IDK WHAT TO DO

There are two cases to consider:

 

Case 1: Siblings of one pair sit in the same row

 

There are 3 ways to choose which pair of siblings will have siblings sitting in the same row (either the first row, the second row, or both).

 

Once a pair is chosen, there are 2 ways to arrange the siblings within that pair (who sits in the first seat and who sits in the second).

 

For the remaining two pairs, there are only 4 choices for the first seat in the row they occupy (since two seats are already taken by siblings from the chosen pair). Then there are 3 choices for the second seat (since one child has already been seated), for a total of 4 * 3 = 12 ways to arrange the children in that row.

 

Therefore, the total number of arrangements for Case 1 is 3 (ways to choose the pair) * 2 (arrangements within the pair) * 12 (arrangements in the other row) = 72.

 

Case 2: Siblings of each pair sit in different rows

 

There are 6 choices for the child in the first seat of the first row. It doesn't matter which sibling takes it, so suppose child A sits there (denoted by A).

 

Then there are 4 choices for the second seat (child B, child C, child D, or child E). The last seat in the first row cannot be filled by a sibling of child A, so it must be filled by one of the remaining two children (child D or child E).

 

This leaves a pair of siblings (let's say child B and child C) and one person (child D or child E) for the second row.
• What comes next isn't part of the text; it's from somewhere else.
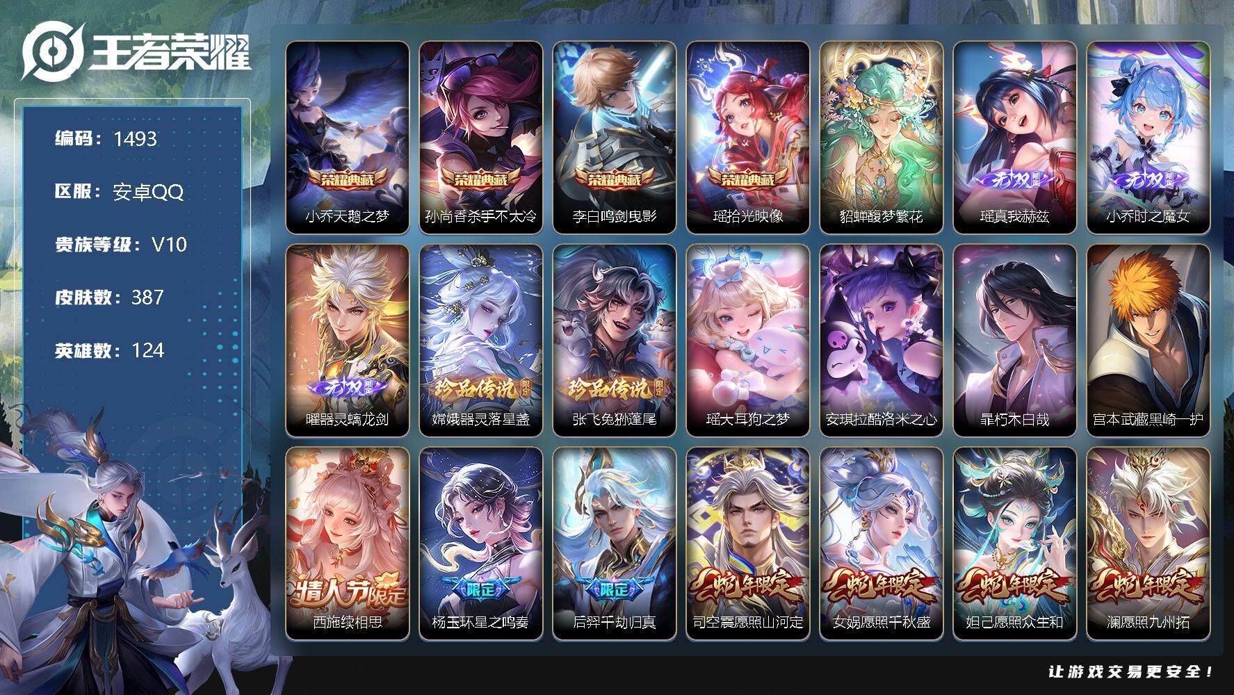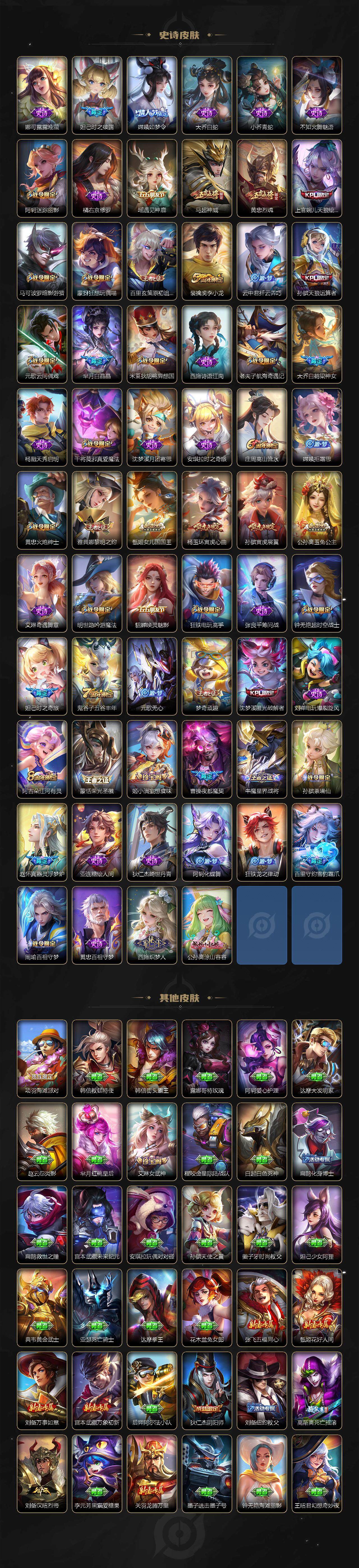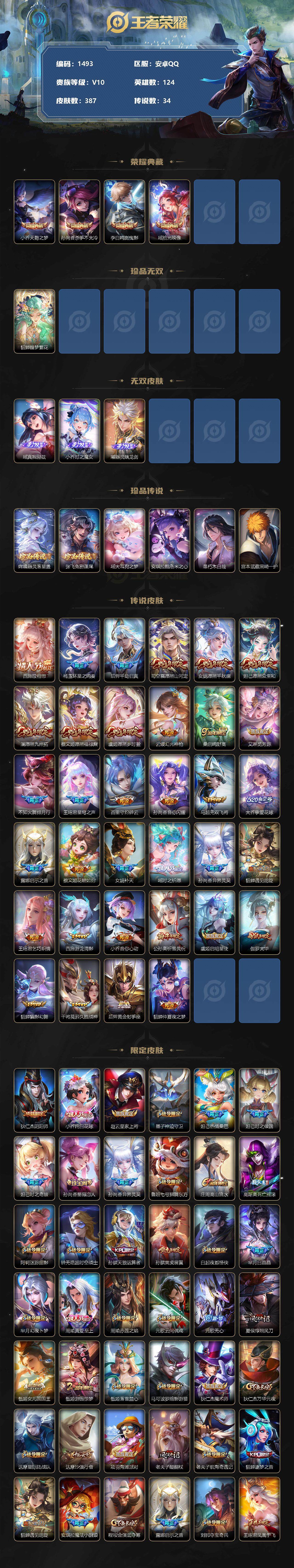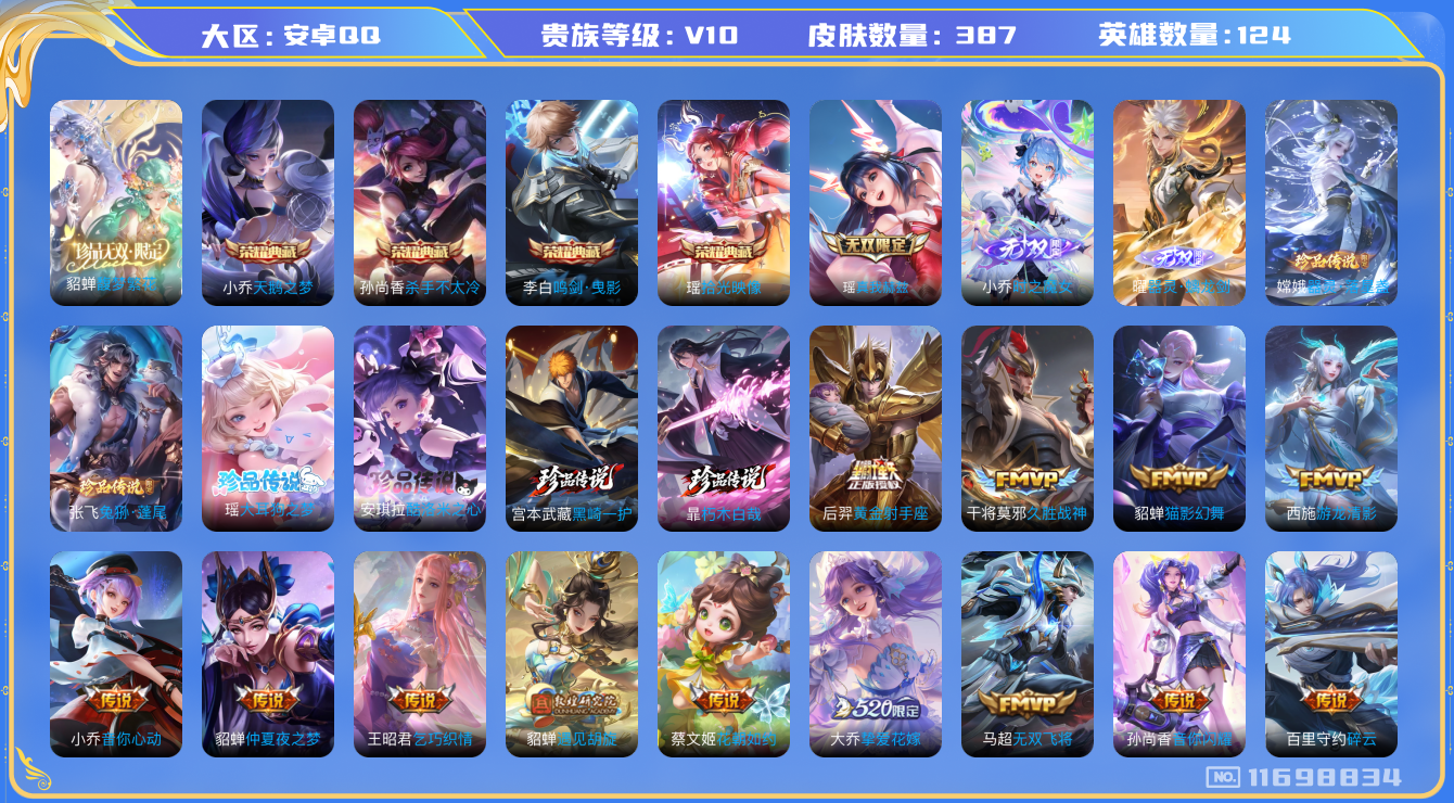 [11698834]【商品标题】:安卓Q-V10-最强王者段位-124英雄-387皮肤-4典藏-1珍品无双-3无双-6珍品传说-34传说-124史诗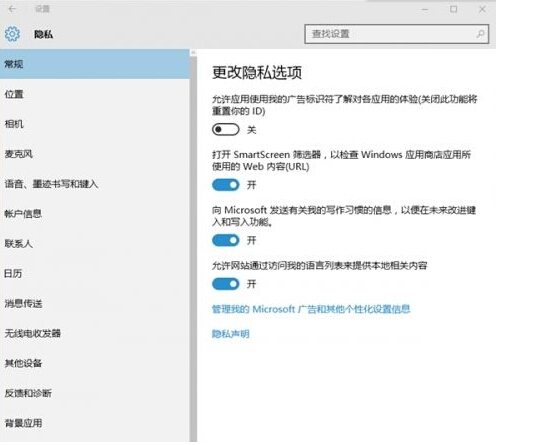 如果你已經安裝了Windows 10而沒有進行上面的設置,那么你還可以選擇在設置頁面的隱私選項中進行設置。

So the only order that will work is child B - empty seat - child C. There are 2 choices for which sibling (B or C) sits in the first seat of the second row.

 

Therefore, the total number of arrangements for Case 2 is 6 (choices for child in first seat of first row) * 4 (choices for second seat) * 2 (choices for who sits first in the second row) = 48.

 

Adding the ways from both cases, there are 72 (Case 1) + 48 (Case 2) = 120 ways to seat the siblings.